The adult brain is separated into four major regions: the cerebrum, the diencephalon, the brain stem, and the cerebellum. The cerebrum is the largest portion and contains the cerebral cortex and subcortical nuclei. It is divided into two halves by the longitudinal fissure.
The cortex is separated into the frontal, parietal, temporal, and occipital lobes. The frontal lobe is responsible for motor functions, from planning movements through executing commands to be sent to the spinal cord and periphery. The most anterior portion of the frontal lobe is the prefrontal cortex, which is associated with aspects of personality through its influence on motor responses in decision-making.
The other lobes are responsible for sensory functions. The parietal lobe is where somatosensation is processed. The occipital lobe is where visual processing begins, although the other parts of the brain can contribute to visual function. The temporal lobe contains the cortical area for auditory processing, but also has regions crucial for memory formation.
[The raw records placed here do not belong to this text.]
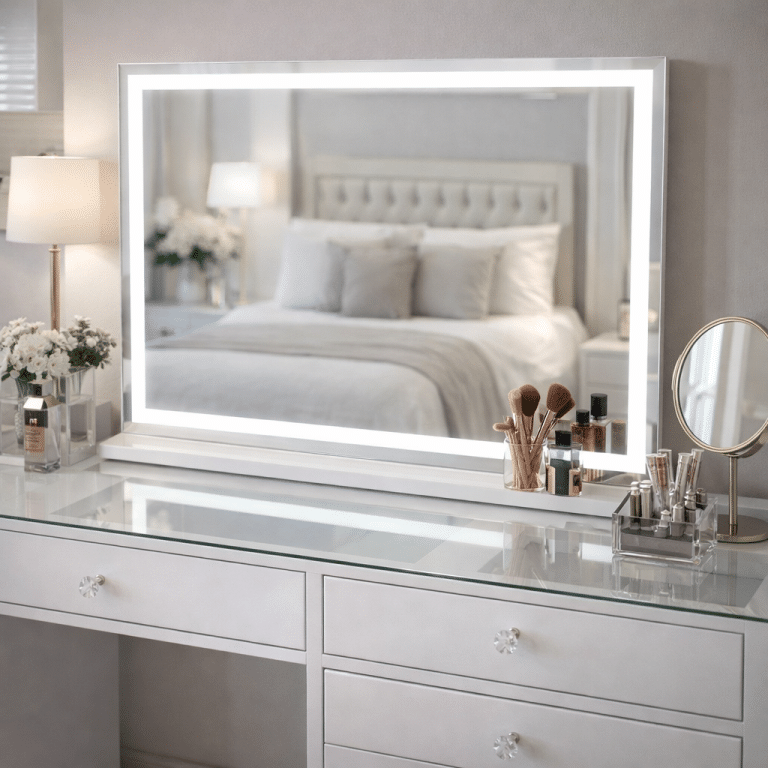 מראת איפור הוליווד דגם "סיגלית" בצבע לבן 80/60 ס"מ
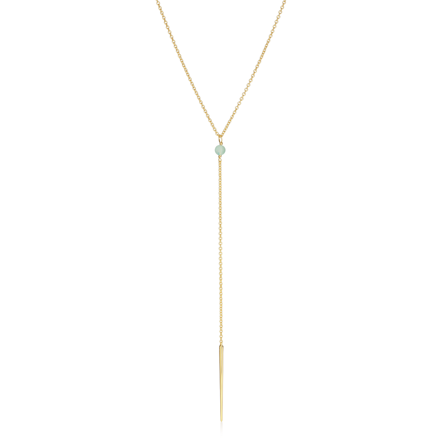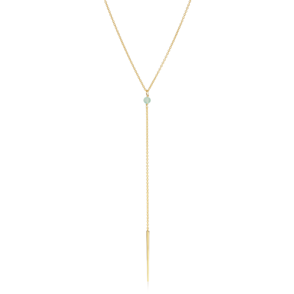 Elegant Y-halskæde fra Alura Copenhagens Ocean-kollektion, inspireret af havets uendelige skønhed og dets perler, der ligger som skjulte skatte på bunden, mens solen får vandet til at glimte som tusindvis af diamanter. Smykket er lavet af 925 sterlingsølv med 18 karat guldbelægning og fremhævet med ædelstenen aventurin for et sofistikeret, let glimtende look. Kæden har en længde på ca. 46 cm med en ekstra ca. 5 cm forlænger, så du kan tilpasse længden efter ønske – perfekt til både hverdag og fest.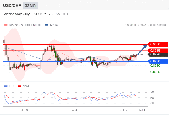 在 0.8960 之上,看涨,目标价位为 0.8985 ,然后为 0.9000 。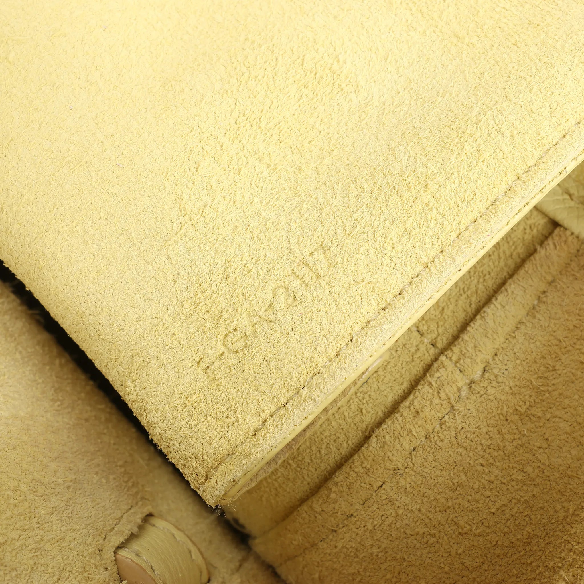 Brand: CELINEModel: BeltSize: MicroWidth: 23 cmHeight: 19 cm Exterior Condition: ExcellentInterior Condition: ExcellentCondition Details: Exterior leather is beautiful and in excellent condition with light rubbings at the bottom. The handle and shoulder strap is clean and firm in very good condition. The hardware remains bright and shiny, but has light surface scratches. The interior lining remains great condition, but has usage rubbings. The width at the top is 33 cm.Colour: YellowInterior Colour: YellowHardware Colour: SilverMaterial: LeatherComes With: Shoulder strap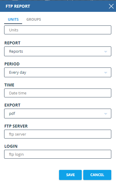 Ce formulaire permet de visualiser les fichiers envoyés depuis le traceur mobile installé sur l'unité en cours, ainsi que divers types d'équipements vers le système de surveillance. Après avoir transféré les fichiers sur le serveur, vous pouvez les télécharger sur votre ordinateur.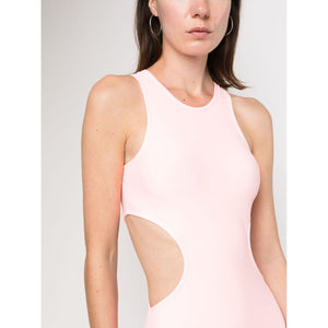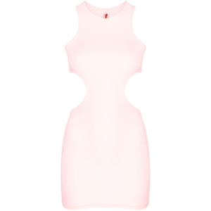 cut-out sleeveless minidress from REINA OLGA featuring blush pink, stretch-design, cut-out detailing, round neck, thin shoulder straps, sleeveless, racerback and thigh-length. Cut-out detail short dress Size and Fit - This piece fits true to size. We recommend you get your regular size. Model is 1,75m / 5ft 8in wearing size 1 (NUM)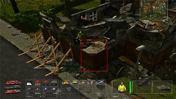 Beim Einsatz Eingestürztes Haus ist in einer Treppe in der Ecke ein Verletzter, an die man nicht ran kommt. Mein LNA ist beim Sichten an den Punkt gelaufen, wo der liegen soll. Wenn ich ganz nah ranzoome, befindet sich unter der Treppe der Verletzte, welcher wiederum unter einem Stein liegt. So wie auch die anderen Personen im und ums Haus verteilt. Ich hab alles probiert. Kran, THW, DLK, Hubschrauber, alle Arten von Equipment und alle mir bekannten Tricks, aber man kommt ums Verrecken nicht dran. Den Einsatz kann ich dementsprechend nur manuell beenden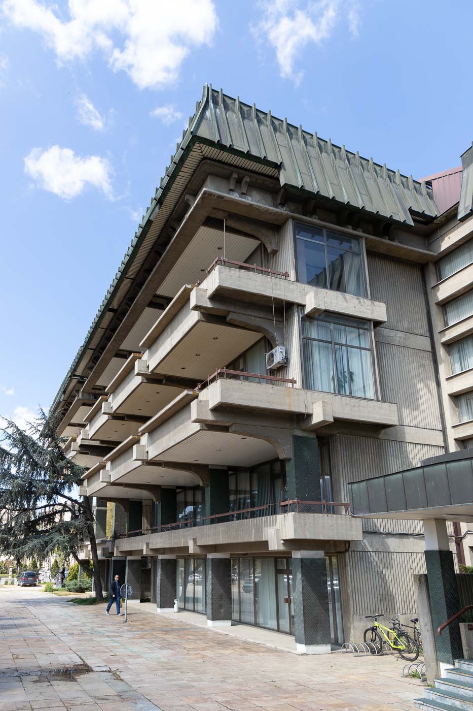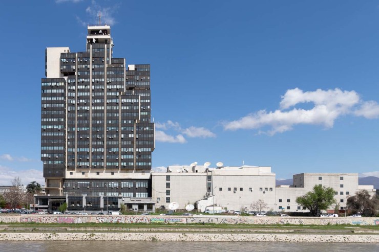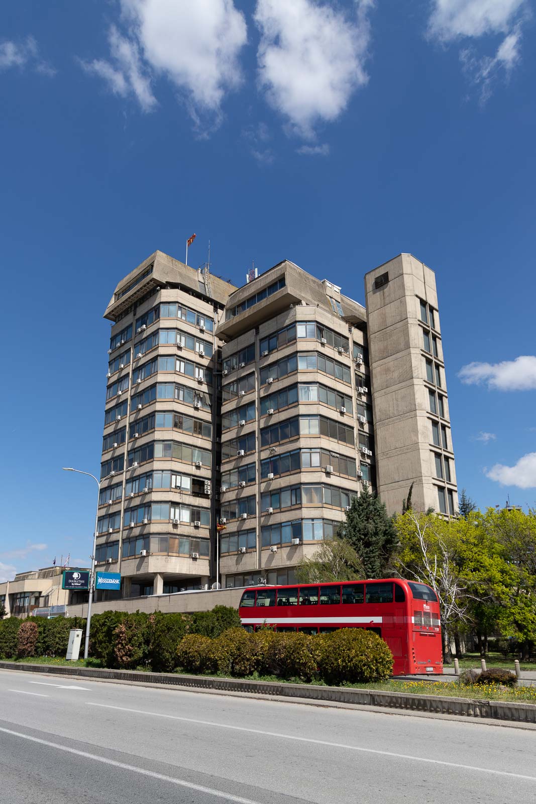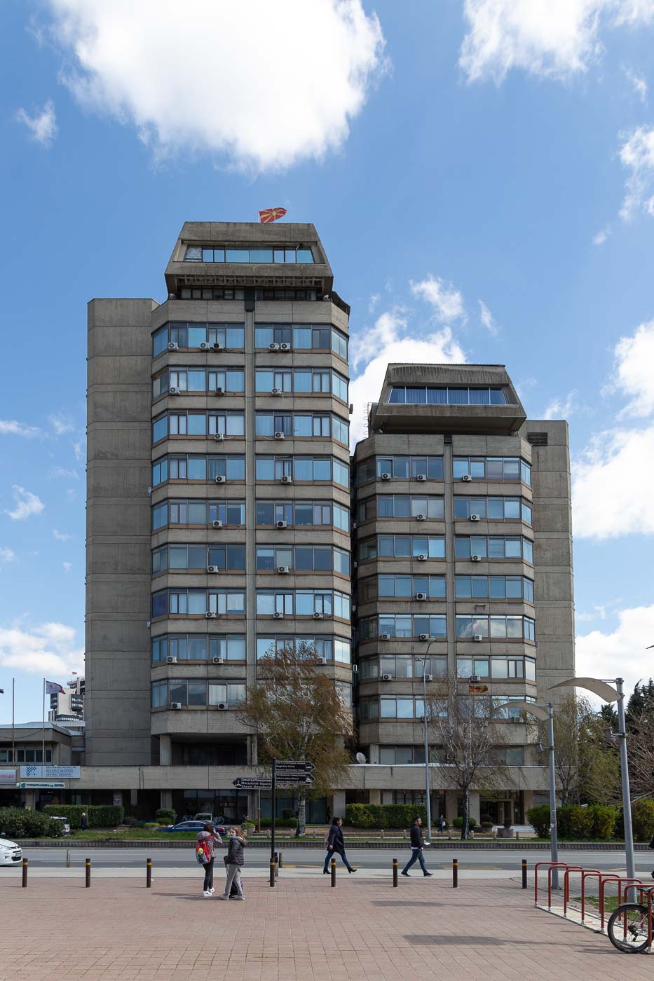 Aan de andere kant van de Vardar zie we het modernistisch ogende RTV-gebouw, dat met zijn 70 meter tot voor kort het hoogste gebouw van Noord-Macedonië was. De entree is erg bruut. Over de architect(en) is online enige verwarring. Kiril Acevski wordt meestal genoemd, maar ik kom ook Josikovski en Manov tegen. Dan noem ik ze maar allemaal bij de snelle feiten.

Nuclei beneath the cerebral cortex, known as the subcortical nuclei, are responsible for augmenting cortical functions. The basal nuclei receive input from cortical areas and compare it with the general state of the individual through the activity of a dopamine-releasing nucleus. The output influences the activity of part of the thalamus that can then increase or decrease cortical activity that often results in changes to motor commands. The basal forebrain is responsible for modulating cortical activity in attention and memory. The limbic system includes deep cerebral nuclei that are responsible for emotion and memory.
The diencephalon includes the thalamus and the hypothalamus, along with some other structures. The thalamus is a relay between the cerebrum and the rest of the nervous system. The hypothalamus coordinates homeostatic functions through the autonomic and endocrine systems.
The brain stem is composed of the midbrain, pons, and medulla. It controls the head and neck region of the body through the cranial nerves. There are control centers in the brain stem that regulate the cardiovascular and respiratory systems.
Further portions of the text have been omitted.